How Coca-Cola became a holiday brand

and helped brand Santa Claus himself

What marks the beginning of the holiday season for you? Is it the smell of ginger, pumpkin and spiced baked goods? Is it the sound of that familiar yuletide song on the radio? Or is it the sight of that first Coca-Cola holiday advertisement?

For many, Coca-Cola is indeed the brand that comes to mind when getting into the holiday spirit. This is more than reasonable, if not completely understandable, since Coca-Cola has been hard at work on branding themselves for the holidays since 1931.

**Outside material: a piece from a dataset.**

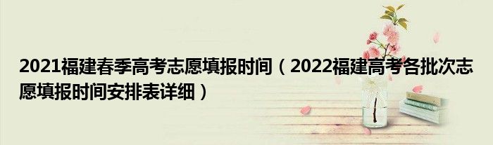 大家好,小高來(lái)為大家解答以上問(wèn)題。2021福建春季高考志愿填報(bào)時(shí)間,2022福建高考各批次志愿填報(bào)時(shí)間安排表詳細(xì)很多人還不知道,現(xiàn)在讓我們一起來(lái)看看吧!

That first decade or so of holiday magazine advertisements really portrays how Coca-Cola used familiar stories, pop culture and current events to become the quintessential holiday brand.

Use of familiar stories

For that first holiday magazine ad, The Coca-Cola Company hired the D’Arcy Advertising Agency. Archie Lee, the executive on the project, decided upon a realistic yet symbolic and altogether wholesome Santa as a focus. To bring this Santa to life, Haddon Sunblom, an illustrator who got his start painting pin-up girls, used Clement Clark Moore’s 1822 poem A Visit From St. Nicholas (better known to us as Twas The Night Before Christmas) for inspiration.


It’s important to note that this is not the first image of Santa, nor is it the first Coca-Cola holiday advertisement. Coca-Cola previously released holiday ads in the Saturday Evening Post even with Santa. That Santa however wasn’t the warm friendly Santa Sundblom went on to bring to life. It’s also important to note that Santa before Coca-Cola and Sundblom was depicted from anything to elf-like to a sterner Santa-type.

Sundblom went on to create Coca-Cola holiday ads featuring Santa until 1964. Towards the end of these ads he even used himself as the model for Santa. This not only shaped Coca-Cola as a holiday product, but it also shaped this particular Santa as the holiday Santa that is recognized around the world today.


Referencing pop culture

Coca-Cola was originally only consumed from soda fountains, but in 1928 drinking from bottles began making way into homes. By 1937 Coca-Cola bottles had truly risen to popularity, so naturally the holiday ad campaign featured that familiar Santa drinking Coke from a bottle in front of the fridge.


A few of the holiday ads featured Santa with popular toys gifted to children. For example, the 1936 campaign showed Santa with an electric toy train. As new toys trended, Coca-Cola made sure to place them alongside Santa and of course a Coke. This was the case in the 1962 holiday ad campaign which also included an electric toy helicopter. The popular holiday toy and the familiar image of Santa all reinforced Coca-Cola as the holiday product and brand.


Along with the Coca-Cola bottles and trendy toys, Santa himself became a pop culture holiday icon after the first decade or so of holiday magazine ads.

Sprite Boy

There was however somewhat of a pop culture fail with these ads, and his name was Sprite Boy. Sundblom added Sprite Boy alongside Santa to the holiday magazine ads in 1944 and 1949, but he never caught on and was never seen again.


Use of current events

As Americans were recovering from the Great Depression, Coca-Cola used their 1938 holiday ad campaign to remind them of enjoyment by way of Santa enjoying a Coke with a youngster in his arms.


As Americans were preparing for war (WWII), Coca-Cola used their 1943 holiday ad campaign to support the war effort by way of showcasing Santa with a Coke in one hand and his toy sack over his shoulder filled with toys and war bonds.


Even as Americans were coming home from WWII, Coca-Cola yet again took advantage of this current event with their 1945 holiday ad campaign showcasing Santa coming back to a welcoming home complete with a note and a Coke.


While we all know there were far more economical, political and social events that were taking place between 1931 and 1964 than the Great Depression and WWII, they just weren’t included in the Coca-Cola holiday magazine ads. The Coca-Cola Company and D’Arcy Advertising Agency chose to keep the ads classic and focused on their product in conjunction with Santa as well as children and toys from time to time.

The familiar story of Santa, the pop culture shift from soda fountains to bottles and inclusion of trending toys as well as current events such as the Great Depression and World War II all helped shape Coca-Cola as the classic holiday brand. With each annual holiday ad campaign, Coca-Cola built a connection to their audience with something that hit home thereby making their product one that was bought and taken home. To this day, when many see Santa drinking a Coke in a magazine or on the side of a delivery truck or on a can, they know the holidays are here.